(Dataset items)
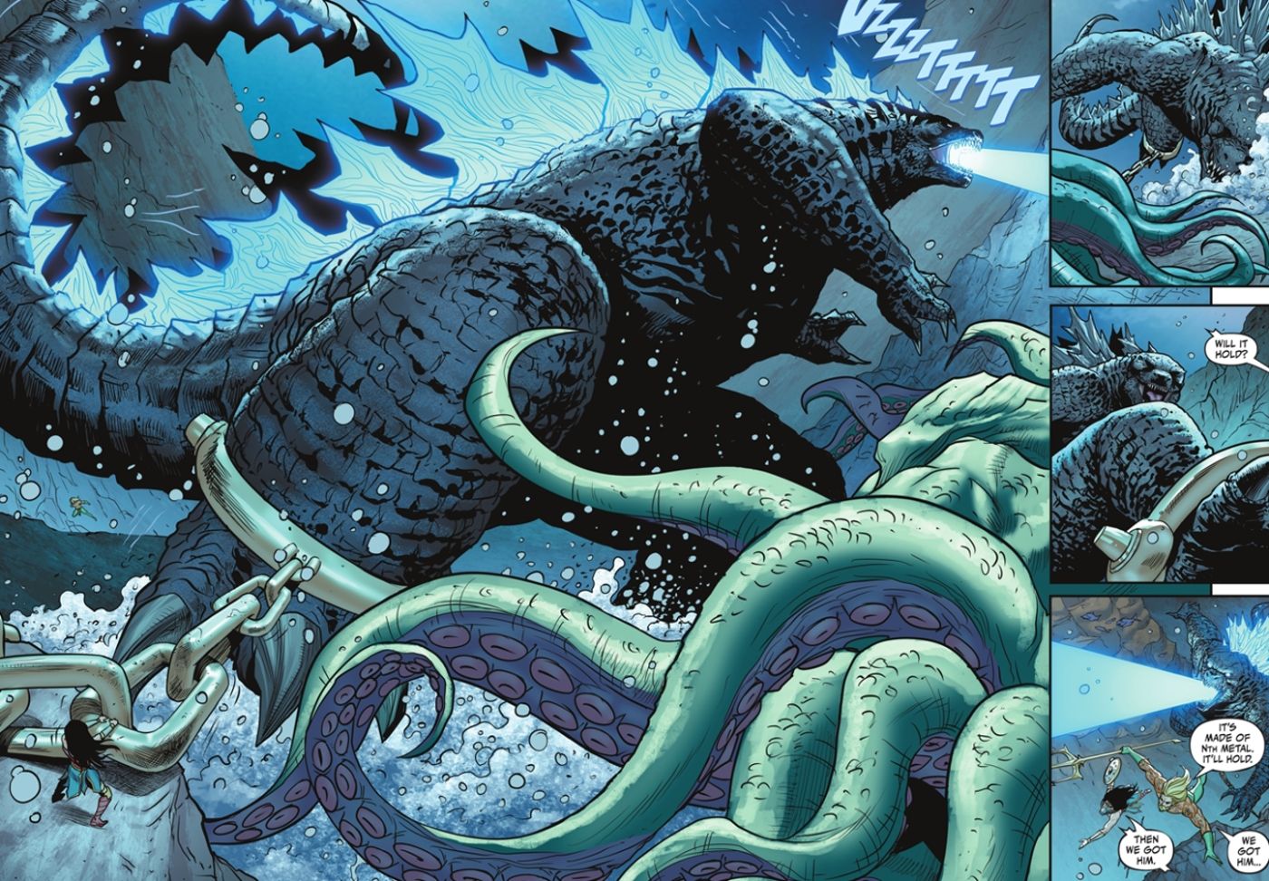 Aquaman y Wonder Woman intentan atrapar a Godzilla mientras Mera vigila la Atlántida. Mientras el Titán lucha contra el Kraken, Aquaman asegura una esposa hecha de metal Nth alrededor de la pierna de Godzilla. Godzilla no puede perseguir a los dos héroes. y está atrapado en el fondo del mar.
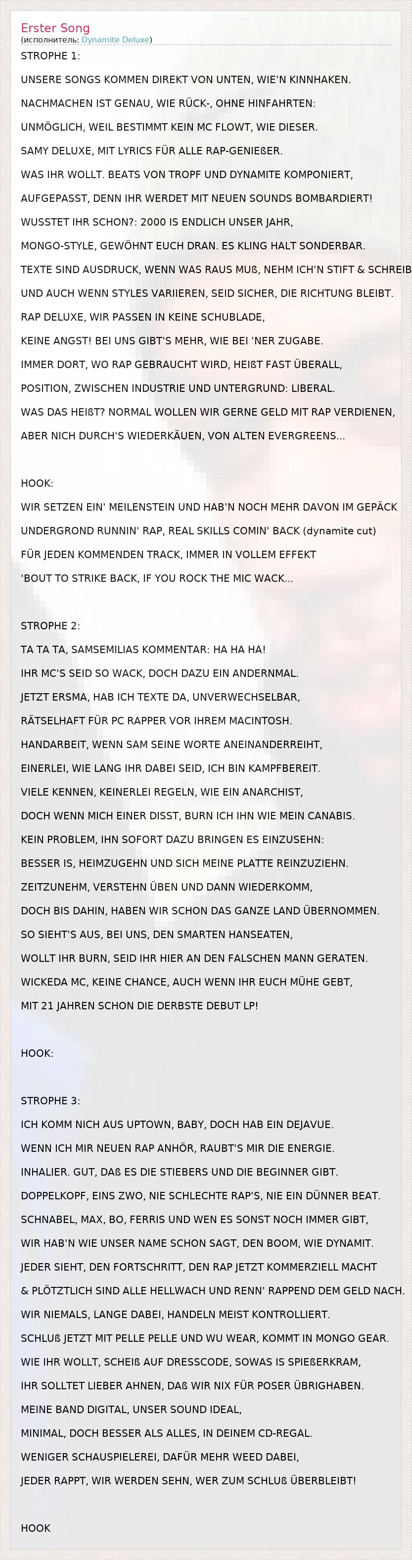 STROPHE 1: UNSERE SONGS KOMMEN DIREKT VON UNTEN, WIE'N KINNHAKEN. NACHMACHEN IST GENAU, WIE RÜCK-, OHNE HINFAHRTEN: UNMÖGLICH, WEIL BESTIMMT KEIN MC FLOWT, WIE DIESER. SAMY DELUXE, MIT LYRICS FÜR ALLE RAP-GENIEßER. WAS IHR WOLLT. BEATS VON TROPF UND DYNAMITE KOMPONIERT, AUFGEPASST, DENN IHR WERDET MIT NEUEN SOUNDS BOMBARDIERT! WUSSTET IHR SCHON?: 2000 IS ENDLICH UNSER JAHR, MONGO-STYLE, GEWÖHNT EUCH DRAN. ES KLING HALT SONDERBAR. TEXTE SIND AUSDRUCK, WENN WAS RAUS MUß, NEHM ICH'N STIFT & SCHREIB UND AUCH WENN STYLES VARIIEREN, SEID SICHER, DIE RICHTUNG BLEIBT. RAP DELUXE, WIR PASSEN IN KEINE SCHUBLADE, KEINE ANGST! BEI UNS GIBT'S MEHR, WIE BEI 'NER ZUGABE. IMMER DORT, WO RAP GEBRAUCHT WIRD, HEIßT FAST ÜBERALL, POSITION, ZWISCHEN INDUSTRIE UND UNTERGRUND: LIBERAL. WAS DAS HEIßT? NORMAL WOLLEN WIR GERNE GELD MIT RAP VERDIENEN, ABER NICH DURCH'S WIEDERKÄUEN, VON ALTEN EVERGREENS... HOOK: WIR SETZEN EIN' MEILENSTEIN UND HAB'N NOCH MEHR DAVON IM GEPÄCK UNDERGROND RUNNIN' RAP, REAL SKILLS COMIN' BACK (dynamite cut) FÜR JEDEN KOMMENDEN TRACK, IMMER IN VOLLEM EFFEKT 'BOUT TO STRIKE BACK, IF YOU ROCK THE MIC WACK... STROPHE 2: TA TA TA, SAMSEMILIAS KOMMENTAR: HA HA HA! IHR MC'S SEID SO WACK, DOCH DAZU EIN ANDERNMAL. JETZT ERSMA, HAB ICH TEXTE DA, UNVERWECHSELBAR, RÄTSELHAFT FÜR PC RAPPER VOR IHREM MACINTOSH. HANDARBEIT, WENN SAM SEINE WORTE ANEINANDERREIHT, EINERLEI, WIE LANG IHR DABEI SEID, ICH BIN KAMPFBEREIT. VIELE KENNEN, KEINERLEI REGELN, WIE EIN ANARCHIST, DOCH WENN MICH EINER DISST, BURN ICH IHN WIE MEIN CANABIS. KEIN PROBLEM, IHN SOFORT DAZU BRINGEN ES EINZUSEHN: BESSER IS, HEIMZUGEHN UND SICH MEINE PLATTE REINZUZIEHN. ZEITZUNEHM, VERSTEHN ÜBEN UND DANN WIEDERKOMM, DOCH BIS DAHIN, HABEN WIR SCHON DAS GANZE LAND ÜBERNOMMEN. SO SIEHT'S AUS, BEI UNS, DEN SMARTEN HANSEATEN, WOLLT IHR BURN, SEID IHR HIER AN DEN FALSCHEN MANN GERATEN. WICKEDA MC, KEINE CHANCE, AUCH WENN IHR EUCH MÜHE GEBT, MIT 21 JAHREN SCHON DIE DERBSTE DEBUT LP! HOOK: STROPHE 3: ICH KOMM NICH AUS UPTOWN, BABY, DOCH HAB EIN DEJAVUE. WENN ICH MIR NEUEN RAP ANHÖR, RAUBT'S MIR DIE ENERGIE. INHALIER. GUT, DAß ES DIE STIEBERS UND DIE BEGINNER GIBT. DOPPELKOPF, EINS ZWO, NIE SCHLECHTE RAP'S, NIE EIN DÜNNER BEAT. SCHNABEL, MAX, BO, FERRIS UND WEN ES SONST NOCH IMMER GIBT, WIR HAB'N WIE UNSER NAME SCHON SAGT, DEN BOOM, WIE DYNAMIT. JEDER SIEHT, DEN FORTSCHRITT, DEN RAP JETZT KOMMERZIELL MACHT & PLÖTZTLICH SIND ALLE HELLWACH UND RENN' RAPPEND DEM GELD NACH. WIR NIEMALS, LANGE DABEI, HANDELN MEIST KONTROLLIERT. SCHLUß JETZT MIT PELLE PELLE UND WU WEAR, KOMMT IN MONGO GEAR. WIE IHR WOLLT, SCHEIß AUF DRESSCODE, SOWAS IS SPIEßERKRAM, IHR SOLLTET LIEBER AHNEN, DAß WIR NIX FÜR POSER ÜBRIGHABEN. MEINE BAND DIGITAL, UNSER SOUND IDEAL, MINIMAL, DOCH BESSER ALS ALLES, IN DEINEM CD-REGAL. WENIGER SCHAUSPIELEREI, DAFÜR MEHR WEED DABEI, JEDER RAPPT, WIR WERDEN SEHN, WER ZUM SCHLUß ÜBERBLEIBT! HOOK
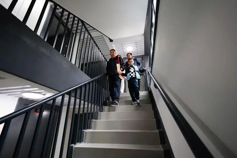 11月7日,记者走进普育东路101弄看到,焕新后的5层居住楼看上去很气派,现代化的简洁设计让这个昔日的老小区重焕荣光。“我们今天一早就来了,新房间老满意哦!”505室的罗敏豪见到记者时,满头大汗,他说楼上楼下已经跑了好几圈,一方面到老邻居那串门,另一方面熟悉一下小区环境,看了一天,反正就两个字:“满意!”“今年过年,能在新家过啦,我们已经都跟亲戚朋友讲好了,到时候大家一道聚聚。”
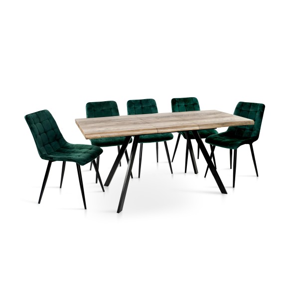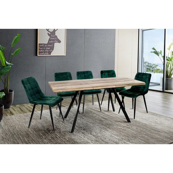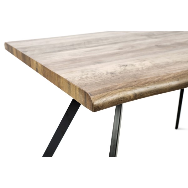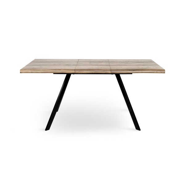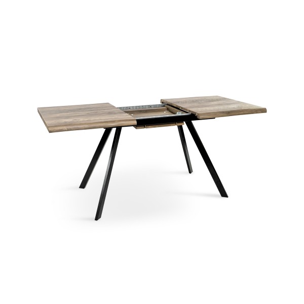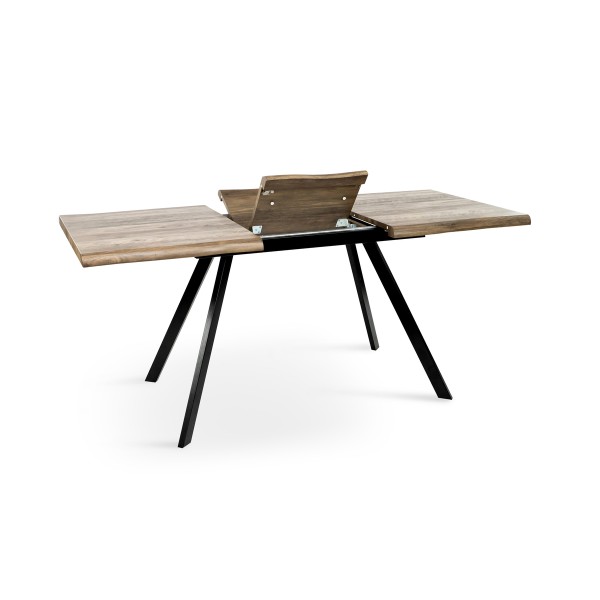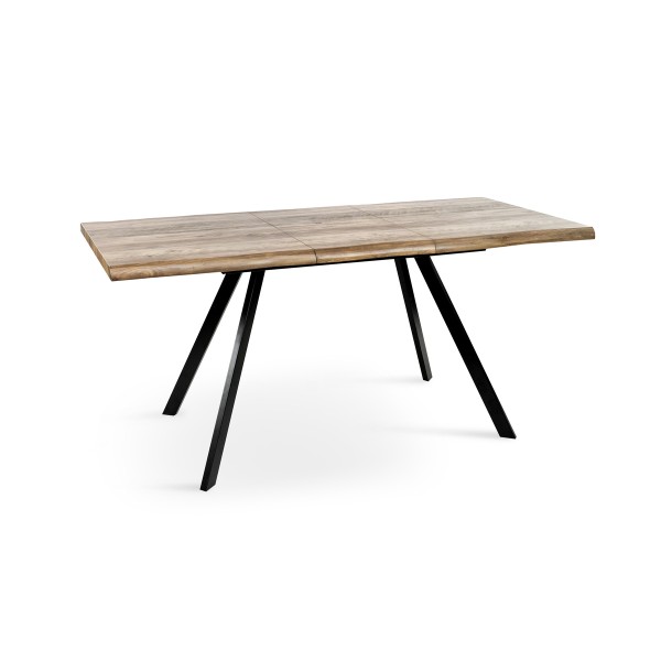 Розмір: 120*(+40)*80 см, H - 76 см; Розкладний: Форма прямокутника з ефектом криволінійної дошки; Колір: під натуральну деревину, ніжки - чорний. Матеріал: МДФ 38 мм товщиною, тонкий шар матеріалу з ефектом деревини (каширований цільнорулоний папір) Ніжки: метал порошкова покраска, колір чорний, товщина 40*80мм
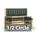 Custom Booth, half-circle banquette with 2 corners, 48" x 90" x 48"L, 36"H, wood frame, upholstered foam vertical channel (5" to 16" spacing) back, padded seat, unfinished outside back, grade 1 uph/COM
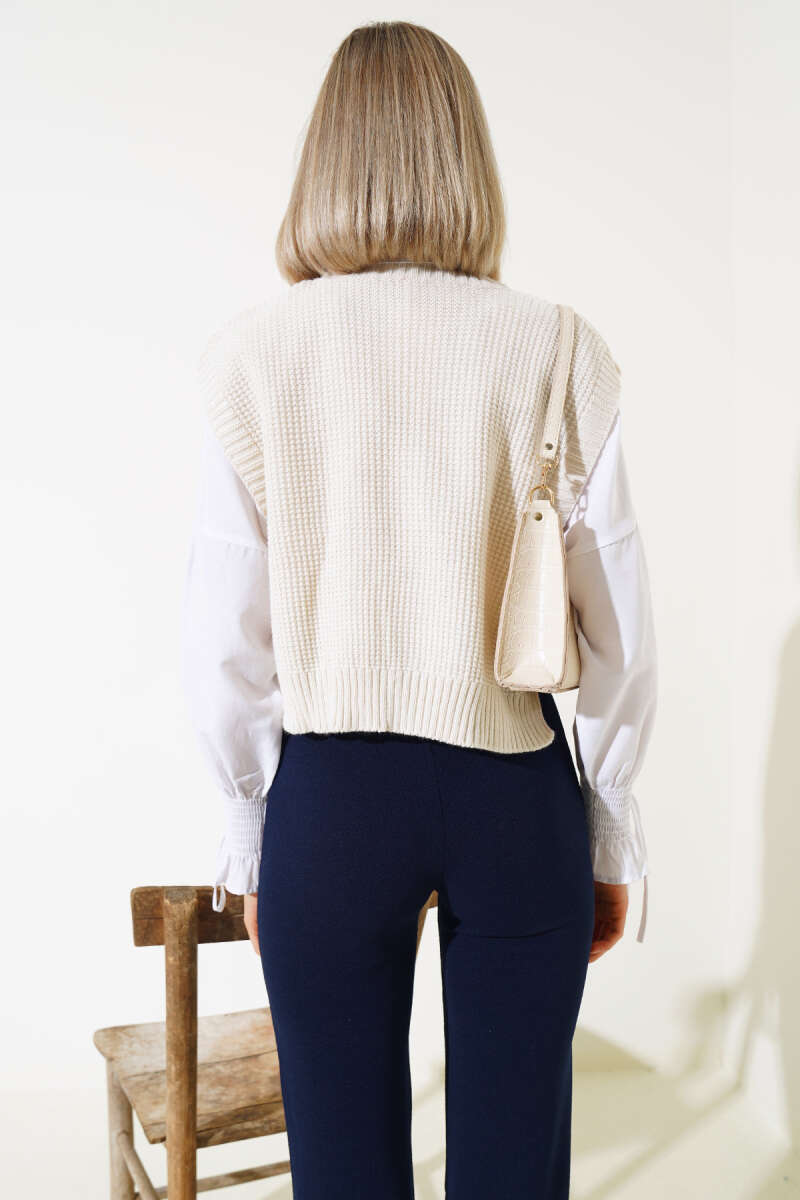 Balıkçı Yaka Balon Kol Triko Tunik Mavi
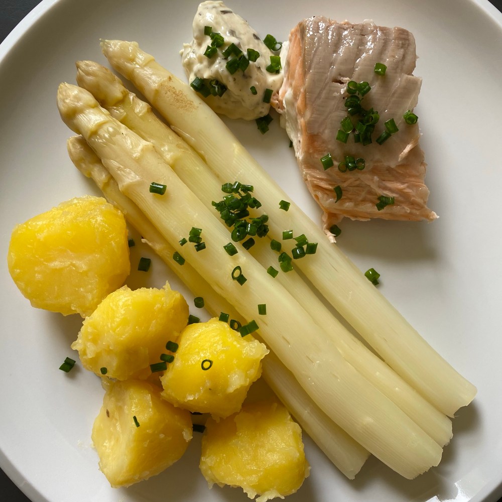 [kneteeis:] „Lachs mit Spargel und Kartoffeln.“
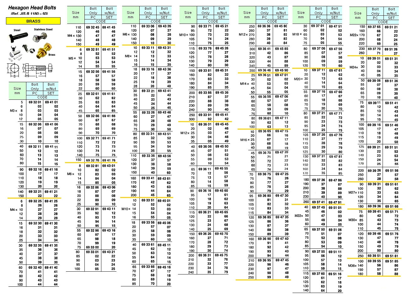 693679 HEX.HEADBOLTONLY,BRASS.M16x90MM
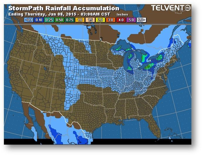 Trajectoire de tempête – Accumulation de précipitations (pouces)
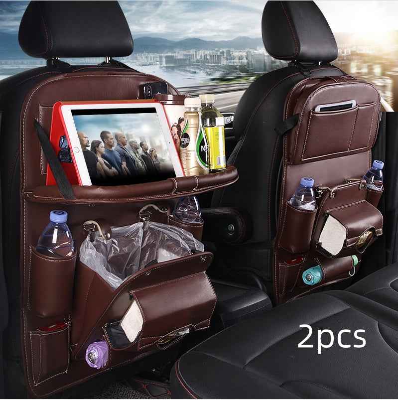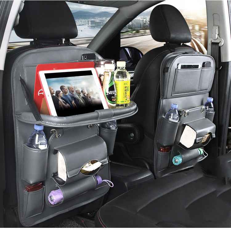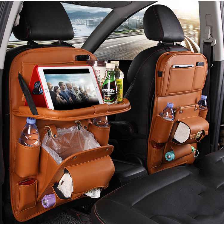 PU Leather Car Storage Bag Multifunction Seat Back Tray Hanging Bag Waterproof Car Organizer Automotive Interior Accessories
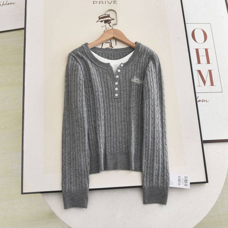 恋小维女装2025秋冬气质圆领拼接假两件显瘦灰色针织衫套头毛衣
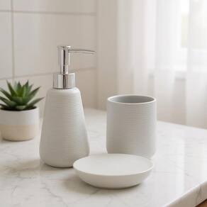 Ideal para uso diário, o kit combina resistência e estilo para deixar sua bancada mais bonita e organizada. Perfeito para quem busca sofisticação nos detalhes.

*THE TASK*. From the line containing "[kneteeis:] „Lachs mit" to the end of the data above, give those lines again verbatim, with both endpoints included and no images.

*RESULT OF THE TASK*.
 [kneteeis:] „Lachs mit Spargel und Kartoffeln.“
 693679 HEX.HEADBOLTONLY,BRASS.M16x90MM
 Trajectoire de tempête – Accumulation de précipitations (pouces)
 PU Leather Car Storage Bag Multifunction Seat Back Tray Hanging Bag Waterproof Car Organizer Automotive Interior Accessories
 恋小维女装2025秋冬气质圆领拼接假两件显瘦灰色针织衫套头毛衣
 Ideal para uso diário, o kit combina resistência e estilo para deixar sua bancada mais bonita e organizada. Perfeito para quem busca sofisticação nos detalhes.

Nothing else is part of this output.